(GoogleNet) Going deeper with convolutions

Hyungseop Lee·2023년 9월 17일

GoogleNet

[Paper Review] Classic CNN Architecture

목록 보기

4/7

(https://arxiv.org/abs/1409.4842)

Abstract

우리는 Inception이라고 불리는 deep convolutional neural network architecture를 제안한다.
이 architecture의 주된 보증은 network 내부의 computing resource의 효율성을 향상시킨 것임.
이는 computational budget을 고정한 채로 network의 depth 와 width를 증가시켜서 신중히 만들어졌다.
ILSVRC14에 제출한 구체화된 network는 GoogleNet이라고 부른다.
GoogleNet은 22 layers deep network이다.

1. Introduction

지난 3년간 deep learning의 급속 발전으로 인해 image recognition과 object detection의 quality가 매우 정확해지고 있다.
하지만 한가지 우려되는 점은
대부분의 progress들이 오로지 powerful HW, larger dataset 그리고 bigger model을 사용하는 것 뿐만 아니라 new ideas, algorithm 과 improved network architecture가 없다는 점이다.
ILSVRC 2014에 제출한 우리의 GoogleNet은 2년 전의 AlexNet보다 12배나 적은 parameter를 사용했지만,
더욱 높은 정확도를 보였다.
GoogleNet은 inference time 동안,
a computational budget of 1.5 billions multiply-adds 를 유지하도록 설계되었다.
이 논문에서,
우리는 Inception이라고 불리는 computer vision을 위한 효율적인 deep neural network architecture에 집중할 것이다.
'Inception'은 유명한 Internet meme인 "we need to go deeper"라는 문구에서 가져왔다.
(https://knowyourmeme.com/memes/we-need-to-go-deeper)
우리의 경우, "deep" 이라는 단어는 2가지 의미로 해석된다.
1. we introduce a new level of organization in the form of the "Inception module".
2. the more direct sense of increased network depth.

LeNet-5부터 시작하여 VNN은 전통적으로 standard structure를 갖는다.
➡️ stacked convolutional layers (optinally followed by contrast normalization and max-pooling) are followed by one or more fully-connected layers.
이러한 basic design은 image classification에서 유행처럼 사용되고, 좋은 결과를 얻고 있다.
Imagenet과 같은 larger dataset에 대해서는
the number of layers and layer size를 늘리고 있고, overfitting 문제를 위해 dropout도 사용된다.
max-pooling layer가 accurate spatial information의 손실을 초래한다는 사실에도 불구하고,
CNN은 localization, object detection, human pose estimation 등에 성공적으로 사용되고 있다.
영장류 시각 피질에 대한 생물학적 model에서 영감받은 신경과학 model은 Inception model과 비슷하게,
다양한 scale을 다루기 위해 각각의 다른 Gabor filter들을 사용했다.

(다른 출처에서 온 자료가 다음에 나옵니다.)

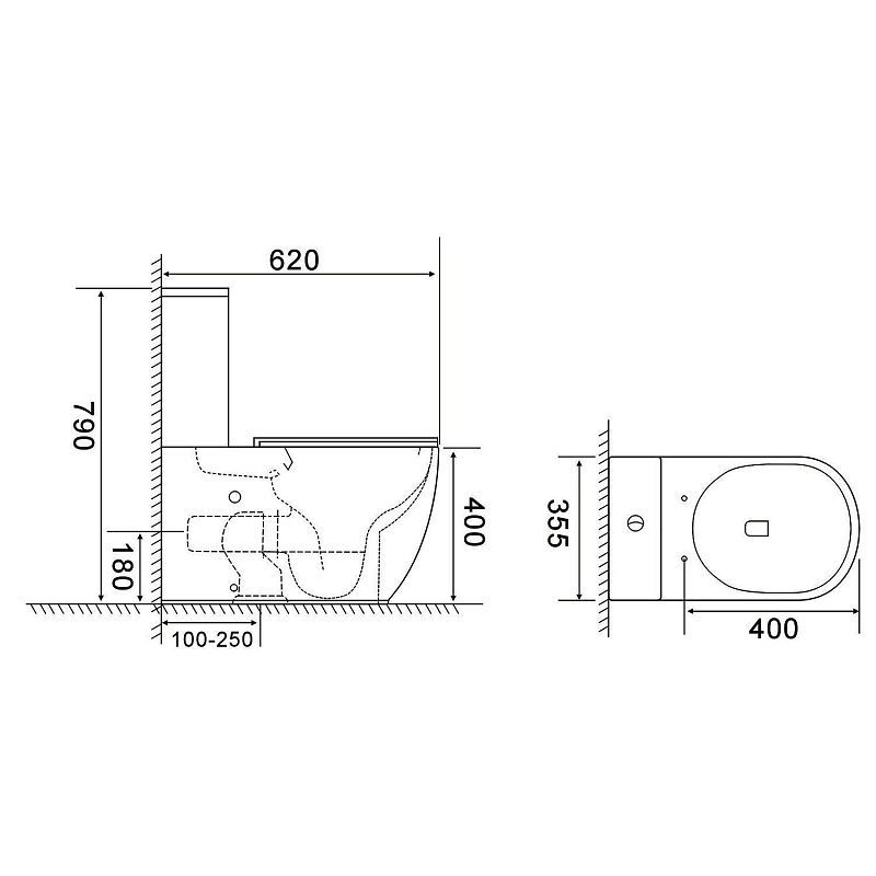 • Габариты 355х620х790 мм делают унитаз-компакт Azario RIANO идеальным выбором для ванных комнат любого размера, позволяя максимально эффективно использовать пространство.

하지만 이 2-layer deep model과는 달리,
Inception model의 모든 filter들은 학습되어진다.
게다가, GoogleNet model의 경우 22-layer deep model인데
Inception layer는 많이 반복된다.
최근 object detection에 대한 선도적인 접근 방식은 Girshick et al.에 의해 제안된 R-CNN(Regions with Convolutional Neural Networks)이다.
R-CNN은 overall detection problem을 2가지 subproblem으로 나눈다.
1. category에 구애받지 않는 fashion에 대한 potential object proposal을 위한 color와 superpixel 일관성과 같은 low-level 단서들을 이용한다.
2. 그리고나서 이러한 location에 대한 object category들을 식별하기 위해 CNN classifier를 사용한다.
우리는 R-CNN과 비슷한 pipline을 채택했다.
하지만 두 subproblem을 multi-box prediction과 ensemble 접근법과과 같은 방법으로 더욱 강화했다.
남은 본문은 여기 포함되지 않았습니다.